Does the Future Face New Enemies?

In 1998, Virginia Postrel published The Future and Its Enemies, an invigorating argument for a society driven by invention and economic freedom. The book distinguishes between two categories of politically engaged Americans: “Stasists,” who wish for society to remain rooted in place and controlled by a central authority, and “dynamists,” who favor the cultural unpredictability provided by creative destruction. At the time, Postrel regarded these labels as largely non-partisan; Pat Buchanan and Ralph Nader, for instance, were equally loyal to the stasist cause in their opposition to free trade. And today, she continues to apply them to figures on both left and right, even as America has reckoned with new domestic challenges and shifting political alignments. Over Zoom recently, with darkness encroaching outside at a disagreeably early hour, Postrel and I discussed how she came to identify as a dynamist, the applicability of The Future and Its Enemies to contemporary society, and the nature of American libertarianism. For the present moment, our conversation was also refreshingly optimistic.
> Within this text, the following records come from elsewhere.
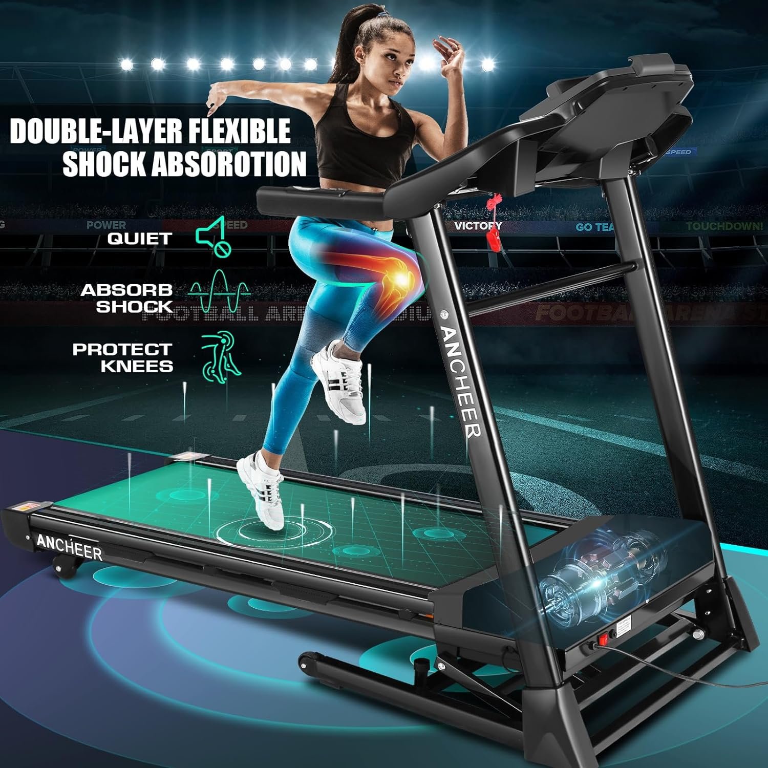 ANCHEER Treadmill with Automatic Incline, 300 LBS Weight Capacity, 3.25HP Quiet Motor Foldable Treadmills, Ultra-Wide Running Belt, Bluetooth & APP Control & Audio Speakers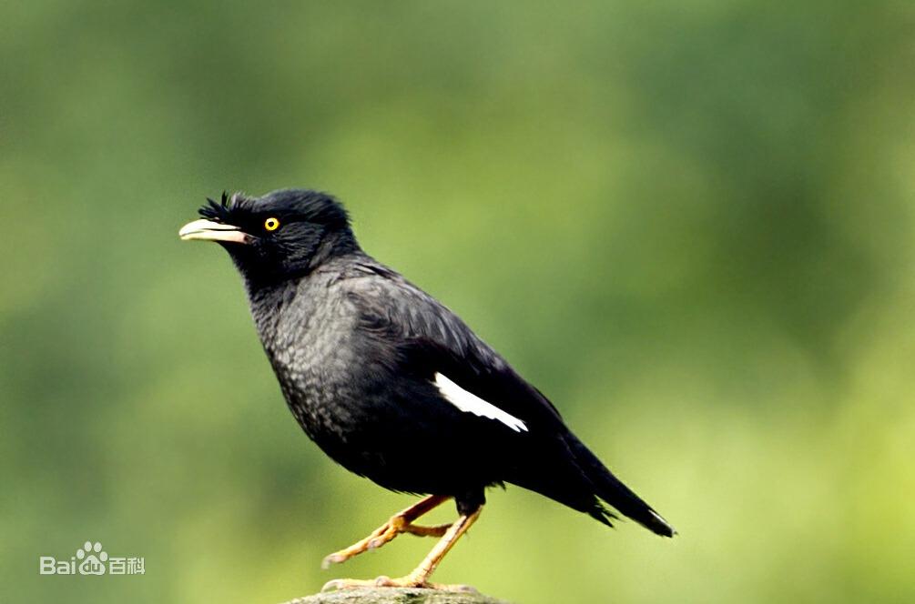 八哥在中国南方的种群数量较普遍,既是重要的农林益鸟,也是颇受欢迎的笼养鸟。它能模仿其他鸟的鸣叫,也能模仿简单的人语,在国内广被人们笼养。外形大小和家八哥相似,体长23-28cm。通体黑色,前额有长而竖直的羽簇,有如冠状,翅具白色翅斑,飞翔时尤为明显。尾羽和尾下覆羽具白色端斑。嘴乳黄色,脚黄色。八哥喜欢在我们学校四号教工楼(怀远楼)楼顶活动,如果你站在教学楼三楼就会看到它们。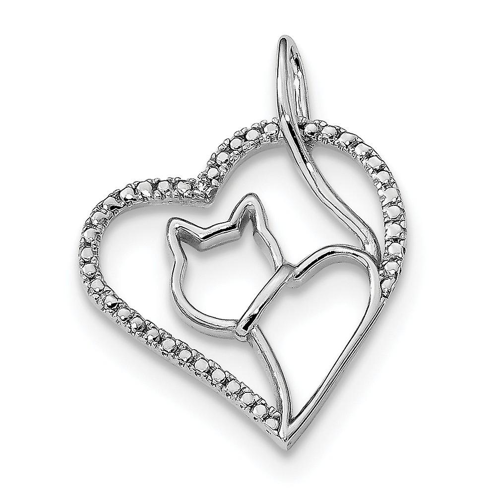 19.6mm 925 Sterling Silver Rhodium Plated Cubic Zirconia Love Heart With Cat Silhouette Pendant Necklace-Pendant for Wom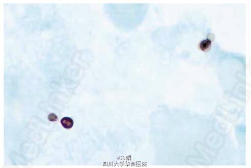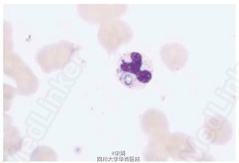 血涂片(入院时)发现分叶核中性粒细胞有胞内病原体。这些酵母样病原体有清晰的晕环,即可能存在包膜,形态符合组织胞浆菌。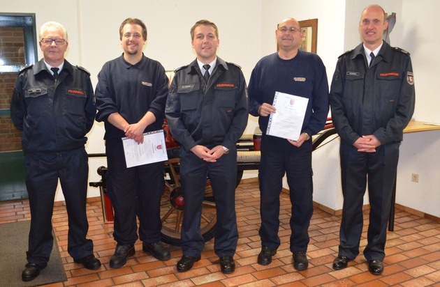 Zum neuen Stadtjugendfeuerwehrwart wurde am Donnerstagabend Unterbrandmeister Carsten Nellißen ernannt. Amtsleiter Andreas Dovern übergab Nellißen die Ernennungsurkunde vor den anwesenden Jungfeuerwehrleuten auf ihrem Übungsabend. Stadtbrandinspektor Dovern führte in seiner kurzen Ansprache aus, dass er von einer weiteren sehr guten Zusammenarbeit ausgehe und fest davon überzeugt sei, dass Wehrleitung und Jugendwarte die richtige Personalwahl getroffen habe. Marco Veeser, bisheriger Leiter der Jugendfeuerwehr, hatte sein Amt nach rund drei Jahren aus persönlichen Gründen abgeben müssen. Seit diesem Zeitpunkt wurde die Jugendfeuerwehr bereits kommissarisch von Carsten Nellißen geführt. Als neuer stellvertretender Stadtjugendfeuerwehrwart wurde Brandinspektor Ralf Welsch ernannt, der ebenfalls seine Ernennungsurkunde erhielt.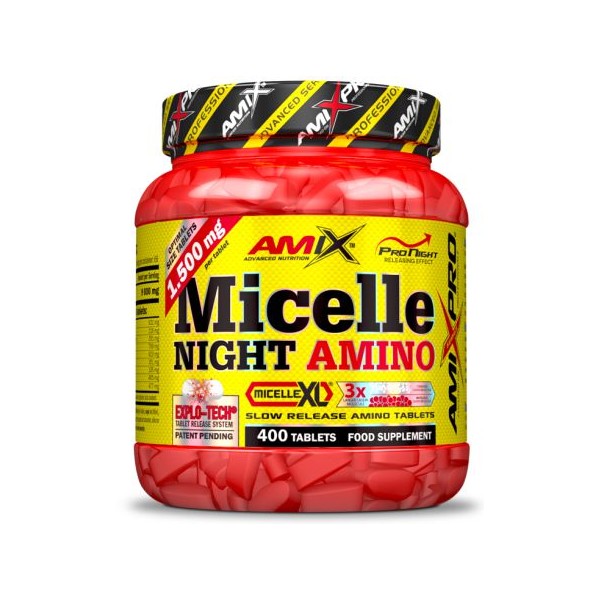 Micelle Night Amino de Amix™ Advanced Nutrition es un revolucionario y novedoso complemento alimenticio en tabletas que contiene Micelle XL™, unos péptidos reestructurados de caseina micelar especialmente diseñados para ser utilizados antes de ir a dormir o para tomar entre horas debido a su lenta digestión.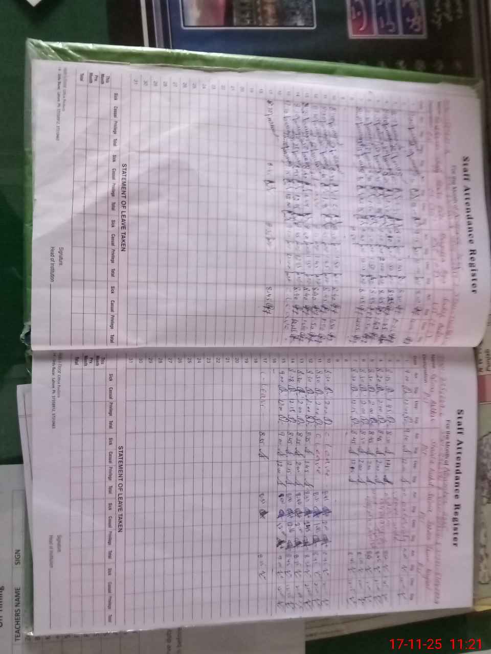 | CNIC | Full Name | Designation | R/C | Absence During Last Calender Month |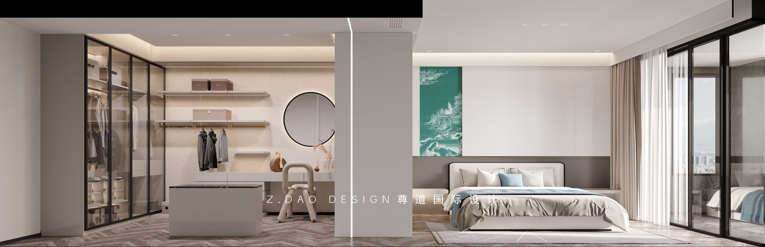 二楼整体空间套房设计,满足洗漱、收纳、睡眠等功能。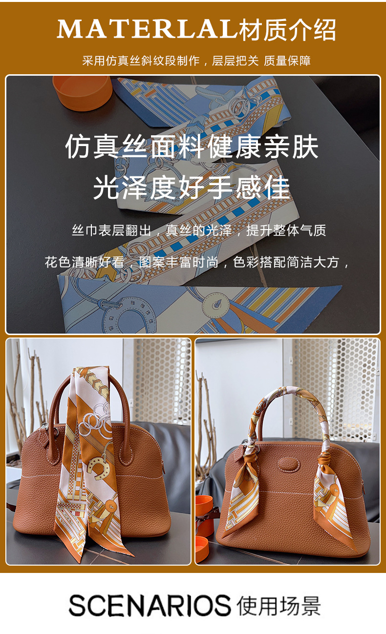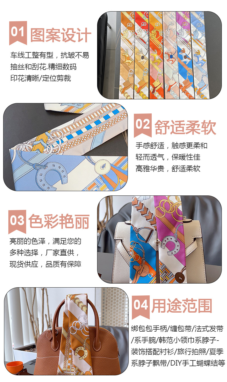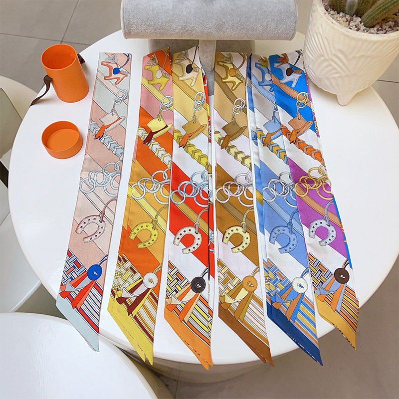 새로운 스타일 고삐 작은 실크 스카프 장식 인쇄 포장 가방 핸들 날씬한 실크 DIY 수제 헤어 밴드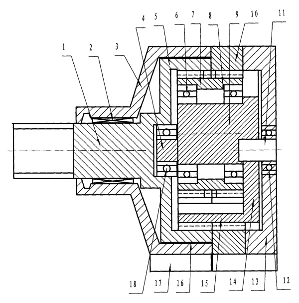 | 一種減速機(jī)包括外殼、齒輪、輸出軸,其特征在于:電動(dòng)機(jī)壓蓋與環(huán)形內(nèi)齒輪、外殼、固定底座固定連接,壓蓋外側(cè)中心有動(dòng)力輸入軸承,由平衡體圓軸、圓弧狀平衡塊、平衡體底板組成的平衡體,平衡體底板上有與圓弧狀平衡塊同心的動(dòng)力輸入軸孔,平衡體圓軸另一端有與動(dòng)力輸入軸孔同心的平衡塊凸軸,平衡體圓軸上用軸承安裝著雙聯(lián)齒輪,雙聯(lián)齒輪的右齒輪與環(huán)形內(nèi)齒輪嚙合,與輸出軸一體的輸出內(nèi)齒輪與雙聯(lián)齒輪之左輪相嚙合,安裝在外殼內(nèi),輸出內(nèi)齒輪與外殼間裝有聚四氟滑動(dòng)軸承,輸出內(nèi)齒輪側(cè)壁中心孔內(nèi)裝有平衡體凸軸和凸軸軸承,輸出軸與外殼間裝有輸出軸承。 |

Born in 1960, Postrel was raised in Greenville, South Carolina, which she described as an “information-scarce environment.” Though her parents were both intellectually curious, the surrounding culture was far from academic. “It’s not a deprived environment, it’s just relatively deprived compared to people who grew up in the Northeast or similar,” Postrel told me. “Books are scarce; we had a lot of books in our house but the library is small. It’s also a very parochial background in the sense that it’s very southern, it’s very within the Presbyterian Church.” Postrel’s father was an engineer, while her mother eventually became an English professor and “once wrote a paper on Paul Tillich for fun for a ladies’ group.” Yet although her parents had both been educated at liberal arts colleges, they retained a perception of the world rooted in Southern piety, and much of Postrel’s early education concerned church history and the Bible. Her exposure to events beyond her community principally came from newspapers, and she was unaware of most political magazines. “The fact that my grandmother gave my father a subscription every year to the Wall Street Journal as a Christmas present is hugely important,” she said. “My boyfriend gave me a subscription to National Observer, which was a weekly newspaper put out by the Wall Street Journal, which then went under and was replaced. I think I got Harper’s after that. But that wasn’t until I was in college.”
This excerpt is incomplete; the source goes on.